Listed records: Begin
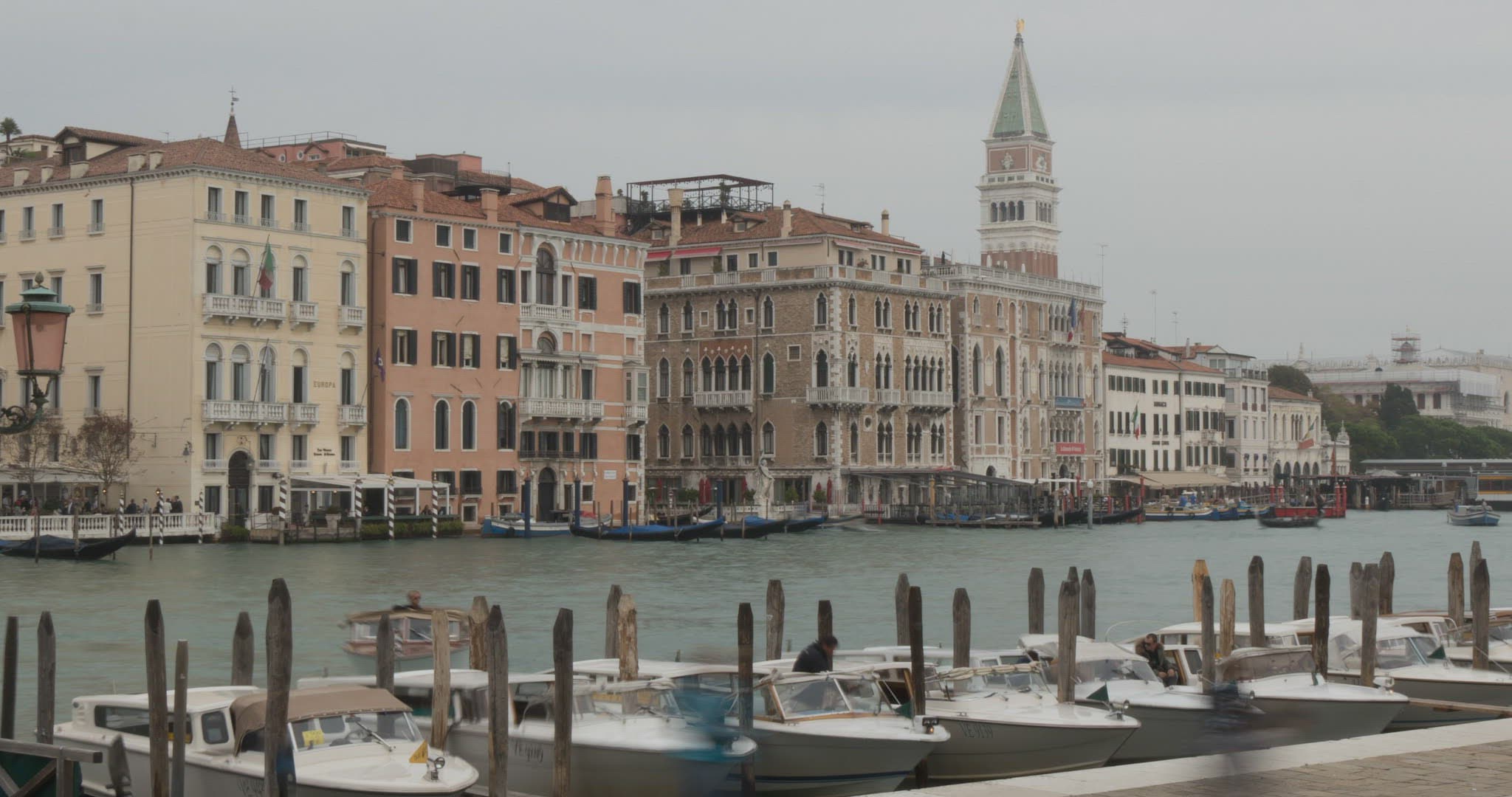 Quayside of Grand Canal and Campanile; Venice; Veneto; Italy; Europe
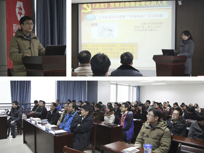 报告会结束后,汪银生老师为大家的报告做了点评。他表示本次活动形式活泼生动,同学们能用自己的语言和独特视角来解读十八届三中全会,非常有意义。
Listed records: End
Listed records: Begin
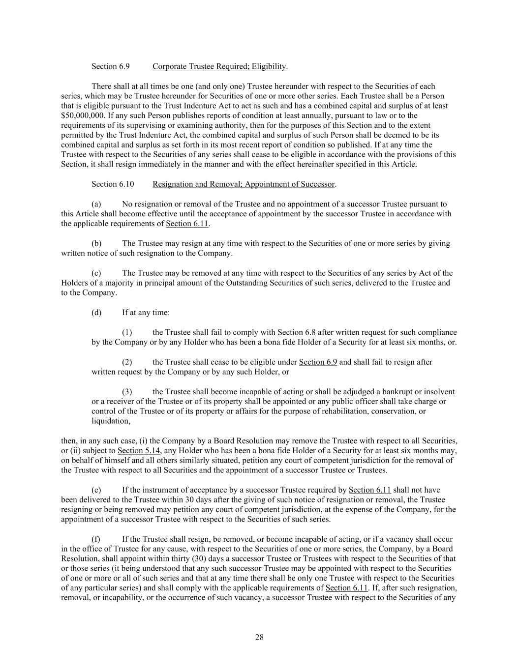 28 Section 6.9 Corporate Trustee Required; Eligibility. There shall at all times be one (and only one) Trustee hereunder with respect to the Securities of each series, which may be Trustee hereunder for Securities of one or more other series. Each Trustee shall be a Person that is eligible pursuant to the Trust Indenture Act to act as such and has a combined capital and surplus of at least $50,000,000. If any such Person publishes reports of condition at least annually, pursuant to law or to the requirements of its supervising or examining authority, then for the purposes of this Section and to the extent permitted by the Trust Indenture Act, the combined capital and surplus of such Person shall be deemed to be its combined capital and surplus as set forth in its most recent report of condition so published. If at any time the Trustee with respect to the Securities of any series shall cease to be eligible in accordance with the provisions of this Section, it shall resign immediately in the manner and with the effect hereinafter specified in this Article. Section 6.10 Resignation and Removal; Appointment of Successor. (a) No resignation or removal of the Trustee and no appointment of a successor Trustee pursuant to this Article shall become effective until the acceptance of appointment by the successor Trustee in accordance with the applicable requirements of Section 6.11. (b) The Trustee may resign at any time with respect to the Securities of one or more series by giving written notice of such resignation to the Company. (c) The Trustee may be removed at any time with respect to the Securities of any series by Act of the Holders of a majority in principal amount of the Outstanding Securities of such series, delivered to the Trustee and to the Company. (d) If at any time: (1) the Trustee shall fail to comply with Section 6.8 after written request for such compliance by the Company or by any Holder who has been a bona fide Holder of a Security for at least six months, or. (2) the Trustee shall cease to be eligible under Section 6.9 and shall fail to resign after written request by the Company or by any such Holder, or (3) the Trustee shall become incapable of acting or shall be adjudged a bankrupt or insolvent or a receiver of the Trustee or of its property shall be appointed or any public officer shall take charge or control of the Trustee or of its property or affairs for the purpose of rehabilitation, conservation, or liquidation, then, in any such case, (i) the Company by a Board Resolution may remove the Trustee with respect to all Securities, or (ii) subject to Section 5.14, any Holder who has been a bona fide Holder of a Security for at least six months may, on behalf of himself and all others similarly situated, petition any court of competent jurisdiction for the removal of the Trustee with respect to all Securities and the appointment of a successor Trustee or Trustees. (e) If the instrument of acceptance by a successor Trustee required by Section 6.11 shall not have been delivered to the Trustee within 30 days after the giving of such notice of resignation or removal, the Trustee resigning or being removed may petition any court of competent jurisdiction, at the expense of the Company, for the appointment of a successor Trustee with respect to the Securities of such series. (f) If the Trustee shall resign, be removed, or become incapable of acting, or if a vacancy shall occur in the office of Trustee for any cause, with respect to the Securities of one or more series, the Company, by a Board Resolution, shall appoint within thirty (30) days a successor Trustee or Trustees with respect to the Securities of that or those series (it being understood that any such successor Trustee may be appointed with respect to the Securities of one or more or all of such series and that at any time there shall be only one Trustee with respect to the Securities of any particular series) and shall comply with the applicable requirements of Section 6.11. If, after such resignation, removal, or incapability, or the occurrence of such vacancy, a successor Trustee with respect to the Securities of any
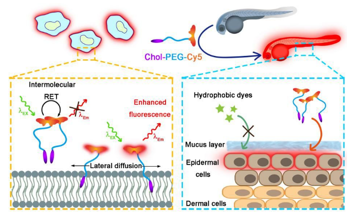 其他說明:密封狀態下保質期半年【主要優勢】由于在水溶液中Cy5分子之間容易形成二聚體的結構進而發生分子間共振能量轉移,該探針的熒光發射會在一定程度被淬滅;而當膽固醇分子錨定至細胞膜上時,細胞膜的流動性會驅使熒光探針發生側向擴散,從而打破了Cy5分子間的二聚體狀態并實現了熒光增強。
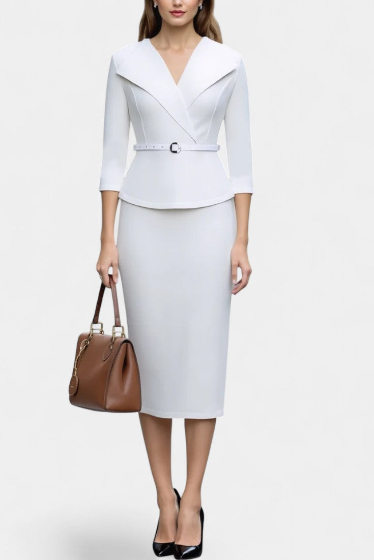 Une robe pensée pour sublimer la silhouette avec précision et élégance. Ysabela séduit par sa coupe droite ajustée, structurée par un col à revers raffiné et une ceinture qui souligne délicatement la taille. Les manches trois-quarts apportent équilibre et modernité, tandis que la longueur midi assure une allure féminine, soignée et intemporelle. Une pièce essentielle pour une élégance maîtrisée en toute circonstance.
Listed records: End
Within the data above, repeat exactly the lines from the one bearing "Quayside of Grand" through the one bearing "报告会结束后,汪银生老师为大". Include no pictures and nothing else.

▶ [Your response]
 Quayside of Grand Canal and Campanile; Venice; Veneto; Italy; Europe
 报告会结束后,汪银生老师为大家的报告做了点评。他表示本次活动形式活泼生动,同学们能用自己的语言和独特视角来解读十八届三中全会,非常有意义。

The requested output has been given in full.